Page 6, Figure 5, caption. Instead of the current caption I suggest a more appropriate caption: 3D geometry of simulation model of the pavement slab. The same is suggested for Figure 8.

6. Recommendation

Overall, the manuscript is well-structured, tackles a relevant engineering problem, and offers a clear demonstration of how laboratory experiments together with computer simulations and machine learning model can aid in solving SHM tasks for airport concrete pavements.

Author Response

Thanks for your careful review,  please refer to the attachment for detailed response.

Author Response File: Author Response.pdf

Round 2

Reviewer 1 Report

Comments and Suggestions for Authors

The revised manuscript is clearly expressed. There are no further comments on the paper except for the one below.

Due to the small sample size of the experiment and the absence of comparative experiments with similar models in the paper. The predictive performance of the model proposed in the paper cannot be objectively evaluated. The third result in conclusions, the abstract, and even the title are suggested to be revised again.

Author Response

Thank you for your review. 

Author Response :

Reviewer #1:

1. Comments:

The revised manuscript is clearly expressed. There are no further comments on the paper except for the one below.

Due to the small sample size of the experiment and the absence of comparative experiments with similar models in the paper. The predictive performance of the model proposed in the paper cannot be objectively evaluated. The third result in conclusions, the abstract, and even the title are suggested to be revised again.

Response:

We thank the reviewer for their continued attention to the quality and rigor of our manuscript.

We fully acknowledge the limitations related to the small experimental dataset and the lack of comparative evaluation with other predictive models. While the proposed RF model demonstrates promising results in correlating extracted features with void size, we agree that its predictive performance should be interpreted cautiously due to the absence of benchmark comparisons and statistical generalization tests.

To address this concern:

We have revised the third point in the Conclusions to temper the language and clearly state that the findings are preliminary and based on limited data.

We have adjusted the Abstract to avoid overstatement of the model’s effectiveness.

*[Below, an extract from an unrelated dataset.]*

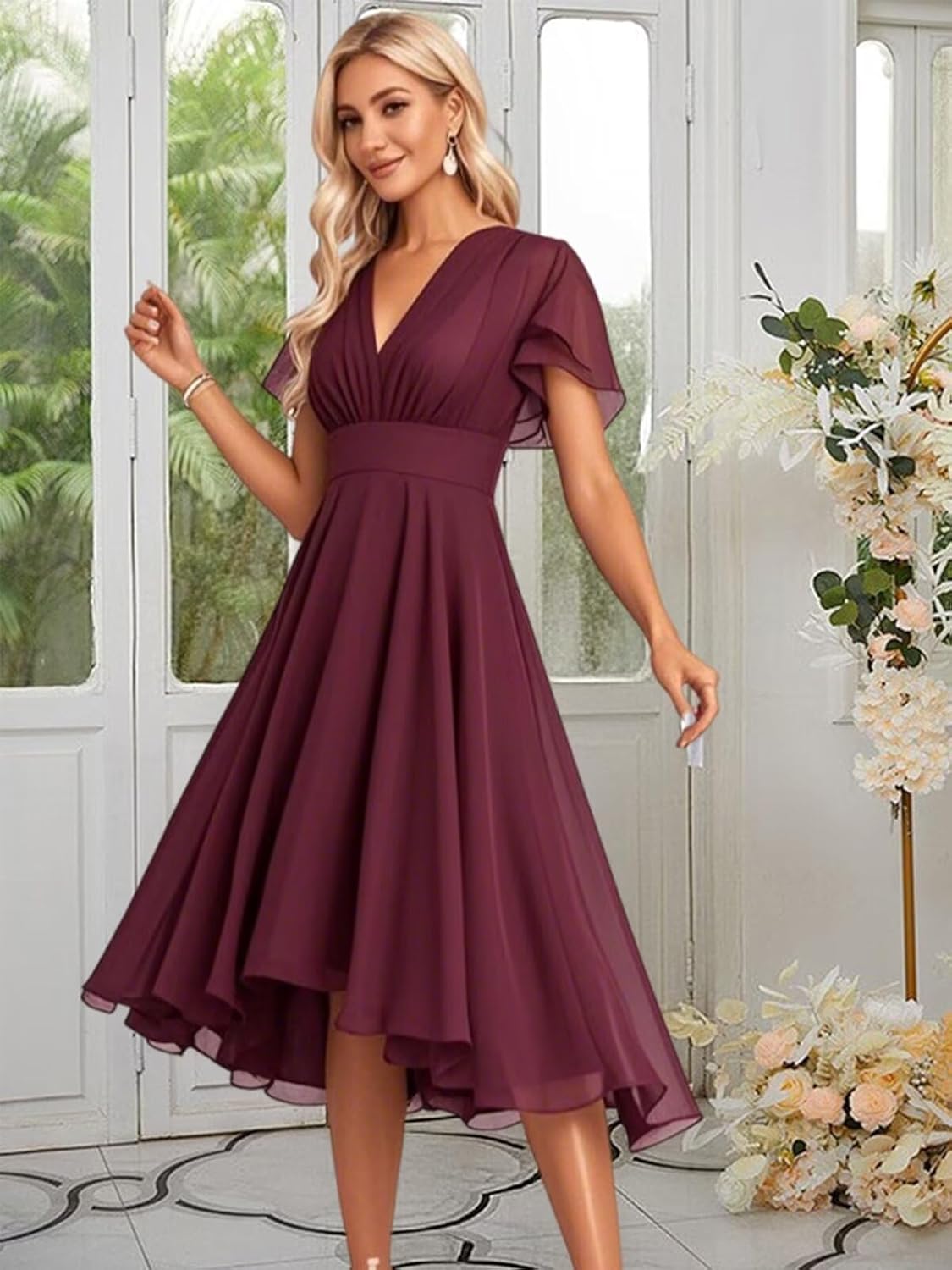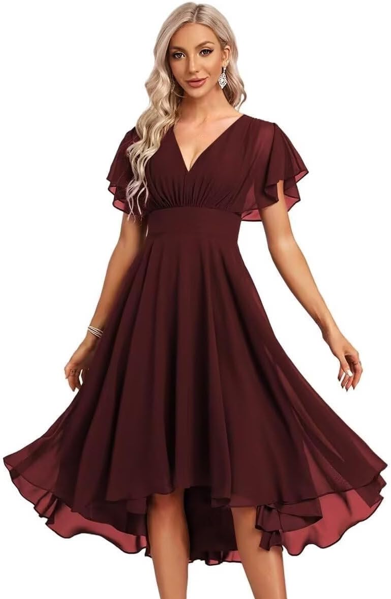 Women's Chiffon Bridesmaid Dresses Ruffle Sleeves V Neck Formal Dress Short Bridesmaid Dress

These changes ensure that the manuscript remains scientifically accurate and modest in claims while retaining its practical significance.

#Abstract

In Line 8: This study proposes a vibration-based approach for detecting and quantifying sub-slab corner voids in airport cement concrete pavement. Scaled-down slab models were constructed and subjected to controlled moving-load simulations. Acceleration signals were collected and analyzed to extract time–frequency domain features, including power spectral density (PSD), skewness, and frequency center. A finite element model incorporating contact and nonlinear constitutive relationships was established to simulate structural response under different void conditions. Based on the simulated dataset, a random forest (RF) model was developed to estimate void size using selected spectral energy indicators and geometric parameters. The results revealed that the RF model achieved strong predictive performance, with high correlation between key features and void characteristics. This work demonstrates the feasibility of integrating simulation analysis, signal feature extraction, and machine learning to support intelligent diagnostics of concrete pavement health.

#4. Conclusions

In Line 525: 3. Based on the constructed simulation dataset, the RF model achieved strong fit-ting performance in estimating corner void size, showing clear relevance between spectral indicators and geometric characteristics. These findings underscore the prom-ising potential of vibration-based machine learning approaches for structural health assessment in rigid pavement systems.

Reviewer 3 Report

Comments and Suggestions for Authors

Thank you for your resposes. The paper can be published.

Author Response

Thank you very much for your review.